Cord Jefferson’s “American Fiction” marks a remarkable directorial debut, weaving a narrative that’s both a critical and commercial success. The film centres on Thelonius ‘Monk’ Ellison, portrayed by Jeffrey Wright in what many are calling the role of his lifetime. As Monk navigates the unexpected success of his satirical novel, the film delves into themes of identity, family, and the unpredictability of life, earning it nominations for both Best Picture and Best Actor, among others.

Anatomy of a Fall

This French drama stands out as a compelling courtroom drama wrapped in the complexities of a marriage. Directed by Justine Triet, “Anatomy of a Fall” has been lauded for its intricate screenplay and powerful performances, making it a strong contender in the international film category at the Oscars. The film’s narrative challenges viewers to piece together the truth, offering no easy answers in a story of love, loss, and mystery.


Greta Gerwig’s “Barbie” has defied expectations, transforming a global toy icon into a cinematic phenomenon that grossed over $1.5 billion. Despite its commercial success and critical acclaim, the film’s snub in the Best Actress and Best Director categories has been a point of contention. Nevertheless, “Barbie” remains a cultural milestone, celebrated for its inventive storytelling and vibrant aesthetic.

Killers of the Flower Moon

Martin Scorsese’s “Killers of the Flower Moon” revisits a dark chapter in American history with a narrative centred on the Osage murders of the 1920s. Despite its stellar cast and gripping storyline, the film faces stiff competition in a year filled with exceptional cinema. Lily Gladstone’s performance stands out, but other nominees may overshadow the film’s overall impact.


Bradley Cooper’s “Maestro” offers a unique biographical look at Leonard Bernstein, focusing on the maestro’s relationship with his wife, Felicia Montealegre. Cooper’s dedication to the role, including learning to conduct for the film, pairs with Carey Mulligan’s outstanding performance to create a deeply personal and insightful film.


Christopher Nolan’s “Oppenheimer” is a frontrunner for Best Picture, combining box office success with critical acclaim.

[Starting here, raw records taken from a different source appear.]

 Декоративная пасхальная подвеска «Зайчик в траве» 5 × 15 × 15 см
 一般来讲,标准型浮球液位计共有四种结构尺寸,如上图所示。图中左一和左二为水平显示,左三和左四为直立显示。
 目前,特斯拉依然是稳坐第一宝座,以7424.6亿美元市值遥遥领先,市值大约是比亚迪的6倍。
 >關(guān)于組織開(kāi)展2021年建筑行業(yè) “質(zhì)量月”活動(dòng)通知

This biographical epic about J. Robert Oppenheimer and the atomic bomb has not only cemented Nolan’s reputation as a master filmmaker but also stands as a testament to the power of cinema to explore complex historical and ethical themes.

Past Lives

Celine Song’s “Past Lives” presents a delicate, introspective look at love, memory, and identity. Though Greta Lee’s performance was surprisingly overlooked for a nomination, the film itself has garnered attention for its nuanced storytelling and emotional depth, introducing Song as a significant new voice in cinema.

Poor Things

Yorgos Lanthimos and Emma Stone reunite in “Poor Things,” a film that challenges societal norms and perceptions of womanhood. Stone’s performance has been praised for its boldness and depth, signalling the continuation of a fruitful creative partnership with Lanthimos.

The Zone of Interest

As one of the foreign language films to break into the Best Picture category, “The Zone of Interest” offers a haunting look at the human capacity for indifference in the face of atrocity. Set against the backdrop of Nazi Germany, the film serves as a poignant reminder of the dangers of complacency and the importance of remembrance.

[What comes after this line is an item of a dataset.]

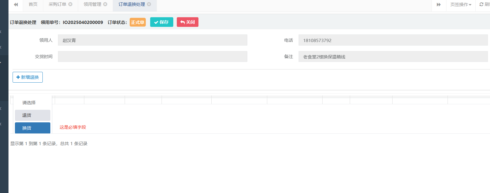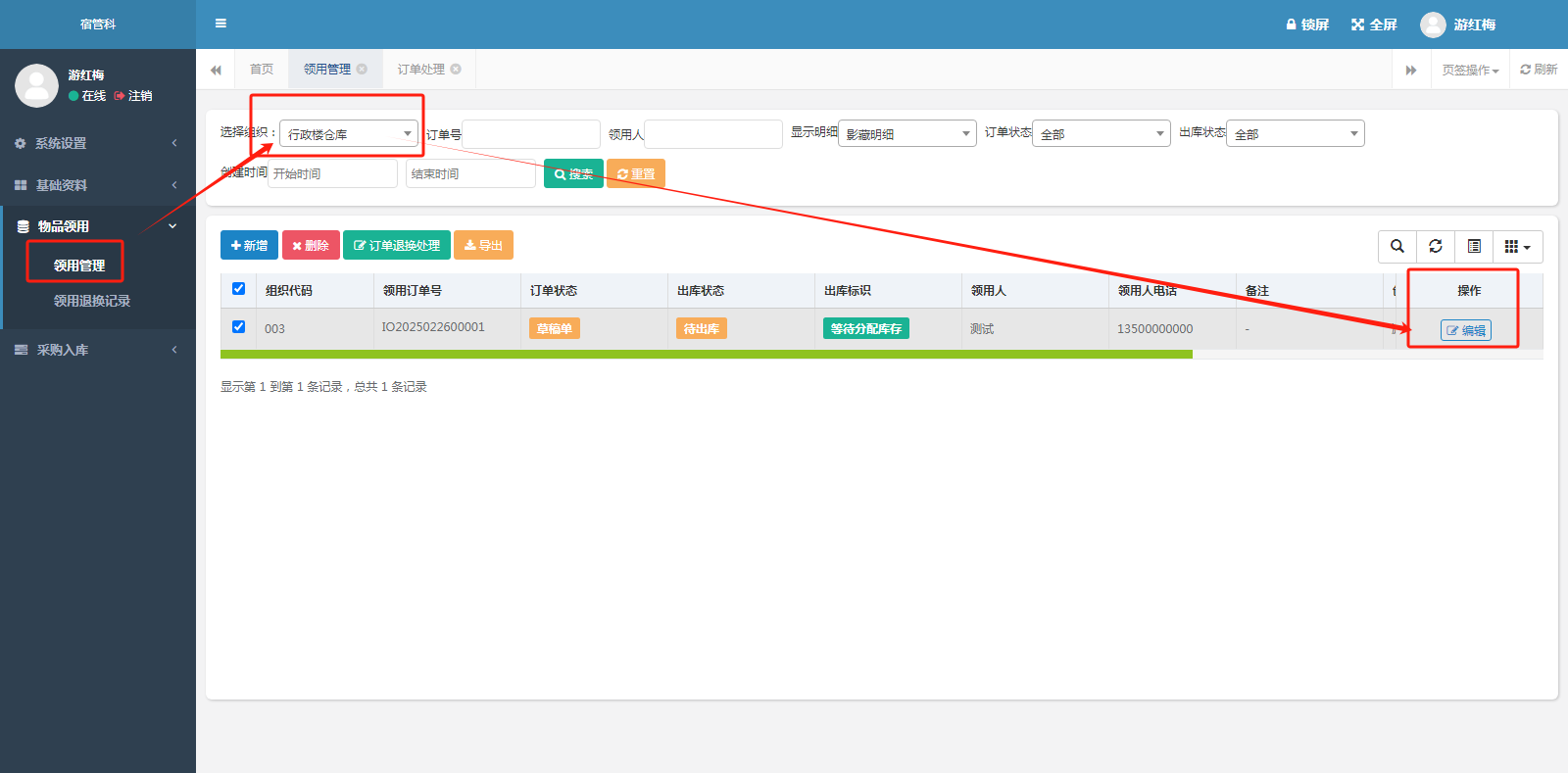 出库领用界面人性设计,输入领用人姓名,系统即刻精准定位并选中领用人,其部门及基本信息随之自动带出,无需额外输入,大幅提升领用效率。

As the Oscars night approaches, the question of who will take home the Best Picture award remains open. With such a diverse array of films, each offering its unique vision and voice, the 2024 Oscars promise to be a celebration of the vast spectrum of storytelling that cinema has to offer. Whether it’s the historical depth of “Oppenheimer,” the cultural impact of “Barbie,” or the emotional resonance of “Past Lives,” this year’s nominees reflect the rich tapestry of human experience and the boundless potential of film as an art form.